▶ **Data below**

BEGIN

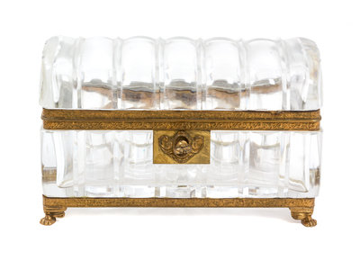 A French Gilt Bronze Mounted Molded Crystal Hinge Top Box
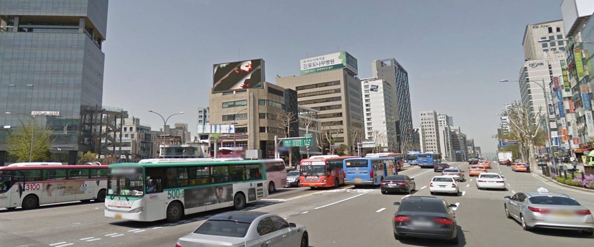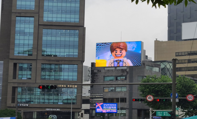 从城南到良才站,良才十字路口前方的 5 层大楼顶部看到电子牌!位于韩国首尔江南公路与南环路交叉口,有名的交通拥堵区,车辆停留时间非常长。距离地铁三号线很近,同时还是巴士和过境车辆的停靠区。媒体位于楼顶,视觉效果好,曝光率高。
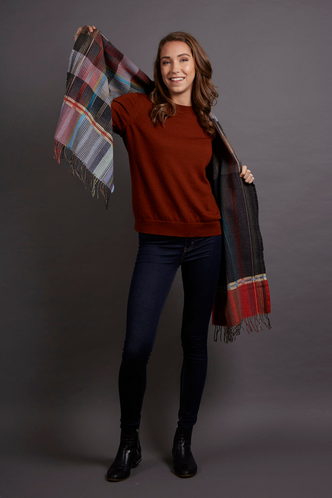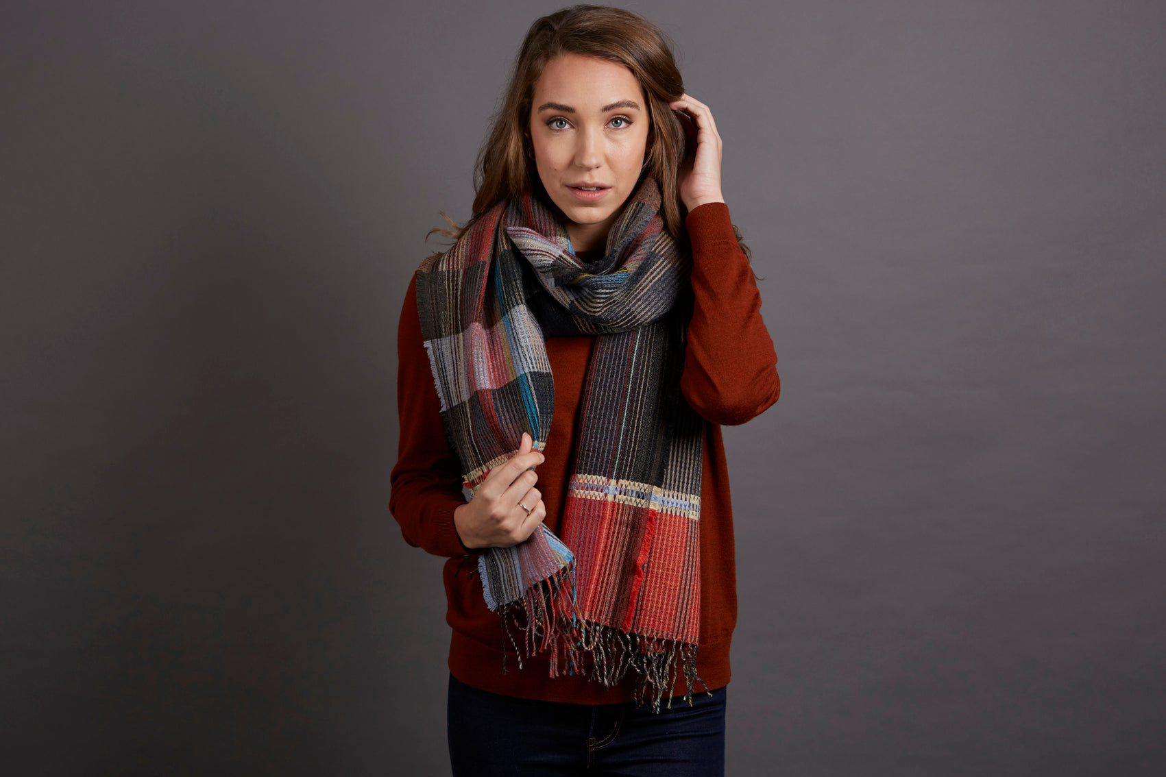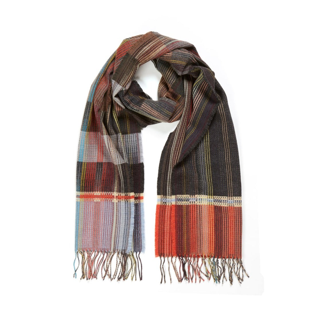 A wide width scarf, woven with super soft lambs wool; it can be wrapped twice round the neck, perfect for keeping warm and cosy. The design incorporates Wallace Sewell's signature pinstripe weave, using subtle alternating bands to form a beautiful interchanging linear pattern, finished at either end with a tassel fringe.

END

▶ **Exercise aim**
An exact copy of the data above is required, printed without its pictures.

▶ **Answer below**
 A French Gilt Bronze Mounted Molded Crystal Hinge Top Box
 从城南到良才站,良才十字路口前方的 5 层大楼顶部看到电子牌!位于韩国首尔江南公路与南环路交叉口,有名的交通拥堵区,车辆停留时间非常长。距离地铁三号线很近,同时还是巴士和过境车辆的停靠区。媒体位于楼顶,视觉效果好,曝光率高。
 A wide width scarf, woven with super soft lambs wool; it can be wrapped twice round the neck, perfect for keeping warm and cosy. The design incorporates Wallace Sewell's signature pinstripe weave, using subtle alternating bands to form a beautiful interchanging linear pattern, finished at either end with a tassel fringe.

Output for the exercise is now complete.